On “Quick Questions”

How about “slow questions”?

Yihui Xie 2018-07-03

“Hey Yihui, quick question for you…” For many times I have been asked “quick questions” on Twitter, on Slack, or in emails. I do love questions that are quick, because the net gain can be significant: you won’t need to spend hours on questions of which the answers are obvious to me.

Most of time I reply to such questions within seconds after I see them, and some people have been surprised by how quickly I respond. The only problem is, those questions are not always quick. This can be particularly problematic when I’m reading messages in IM (instant messaging) tools such as Twitter and Slack, because I usually don’t intend to stay in IM tools for long. I often open Slack only once every morning to check messages from yesterday, and quit it for the rest of the day. I have installed a Chrome extension to limit my Twitter time to 10 minutes per day. When quick questions do not really seem to be quick, I feel I’ll be stuck there. Should I continue to ask for more information (which can lead to several rounds of asking), or simply ignore the question? I don’t know.

Should I give up?

In general, I’m not big fan of IM tools, although I’m not truly against them. They are convenient indeed. For example, you can ask a friend for dinner together via a text message. That is totally cool. However, if you have something important to say, it is probably not a good idea to bury it in the endless and chaotic stream of messages. For example, I never believe it is a good idea to debate on anything on Twitter.

The possibility of your questions being unintentionally overlooked is one problem. The other problem is, by asking a quick question, you probably won’t have a chance to think hard enough about the question or try a little bit to find the answer first. As a result, the question could be unclear, or due to a simple mistake. If you make a little bit more effort, you might just discover the answer by yourself.
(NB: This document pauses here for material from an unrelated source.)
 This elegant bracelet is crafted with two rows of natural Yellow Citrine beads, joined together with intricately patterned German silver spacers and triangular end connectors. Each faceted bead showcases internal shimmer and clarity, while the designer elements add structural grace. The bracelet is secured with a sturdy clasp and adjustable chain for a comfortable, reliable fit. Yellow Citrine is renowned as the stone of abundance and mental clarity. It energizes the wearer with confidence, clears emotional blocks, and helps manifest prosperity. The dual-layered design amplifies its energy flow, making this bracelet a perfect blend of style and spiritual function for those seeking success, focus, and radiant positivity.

With apologies to Carl Boettiger, I want to use a quick question he asked me on Twitter today as an example to show the possibility of answering your own quick question:

@xieyihui stupid question for you: how can I put literal TeX into Rmd these days? I thought that just worked but pandoc (v2.1.1) seems to be auto-escaping stuff like \begin{tcolorbox}

I was surprised by this issue because that did not sound like what Pandoc would do. I mean Pandoc has supported raw LaTeX content in Markdown for years. I had a guess about how this could happen (special LaTeX characters that are not properly escaped in tcolorbox), but without seeing a reproducible example, it was hard for me to know if my guess was correct, which means I had to ask for more information. Then this wouldn’t be a “quick question”. Instead of guessing and asking back and forth, I recommended him to file an issue with a reproducible example to the rmarkdown repo on Github. A Github issue would certainly be better than a tweet in this case: it is hard to provide a self-contained reproducible example in a tweet due to the arbitrary 280-character limit.

Guess what? Then he just quickly realized what was wrong by himself. Had he tried to make a small reproducible example, he would not need to ask the question at all. Had I seen a reproducible example, I’d probably notice the problem within seconds, too. The problem was just that the quick question contained too little information. When one has to start asking for more information or clarification, the quick question is no longer quick.

I don’t mean to discourage people from asking me quick questions. I just want to set your expectation correctly: when I don’t answer a question on Twitter, it probably means it is not clear to me, and you may try to ask a slow version of the question on RStudio Community or Stack Overflow or other places that don’t have the length limit, providing as much information as you can. If you need convincing examples, you may take a look at Daniel Anderson’s experience (he almost wanted to ask on Twitter but decided to go with Stack Overflow instead, and succeeded), or Richard D. Morey’s, or Vidhya Kalaichelvan’s.

Remember, the quick question might be like the two circles in the guide below on how to draw an owl, and the real question might be the owl on the right. Are you absolutely sure I can answer your question after seeing the two cirles?